# Red Ludwigia growing roots



## xShainax (Feb 11, 2012)

My red Ludwidia is growing roots high up on the stem. Is that normal? My succulents do that a lot, so I know with houseplants it's normal.


----------



## gorillakev (Feb 21, 2013)

xShainax said:


> My red Ludwidia is growing roots high up on the stem. Is that normal? My succulents do that a lot, so I know with houseplants it's normal.


thats normal mostly all my stem plants usually grow roots higher up on the stem. 

Other stems I usually propagate after i see new roots higher on the stem. Just personal preference though. 

How long have you had it in your tank? 

I had ludwigia repens in my low tech before and after a week started to turn green but when it neared the light it started growing red again.


----------



## xShainax (Feb 11, 2012)

I have had them for 3 months in a low tech tank.
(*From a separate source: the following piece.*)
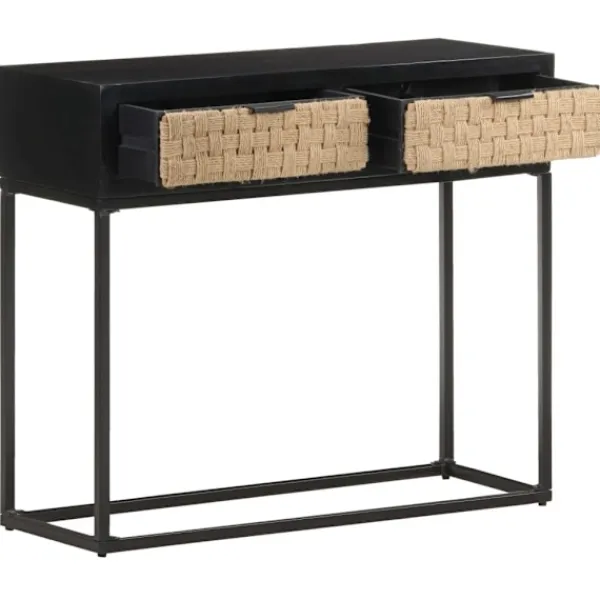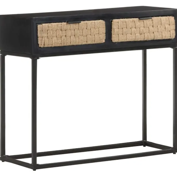 Avlastningsbordet i trä utstrålar en industriell stil och passar bra till hemmet. Hallbordet är handgjort i massivt mangoträ, ett tropiskt lövträ som har styrkan att bära vikten. Det är även mycket tåligt, vilket gör det stabilt och hållbart. Lådan är tillverkad i naturlig jute och järnbasen gör det stabilt. De 2 lådorna har även gott om utrymme för att hålla saker inom räckhåll. OBS: Färger och ådringar varierar från möbel till möbel, vilket gör varje produkt unik. Leveransen är slumpartad.

I don't care if they stay green.


----------



## Gallium (May 14, 2013)

A lot of stem plants will do that, sometimes it may be because they are not getting enough nutrients from the substrate and need to send out some to the water column, but this is less likely.


----------



## Stone (Jan 6, 2013)

the reason most plants do it .....when they grow in a stream or creek where the water is moving at a good rate it bends the stem pver and the stem puts out roots to anchor it self, I had wondered why until I found a patch of red ludwigia growing in a local stream and a few other stem plants nd they kind of grew like a carpet on the strembed


----------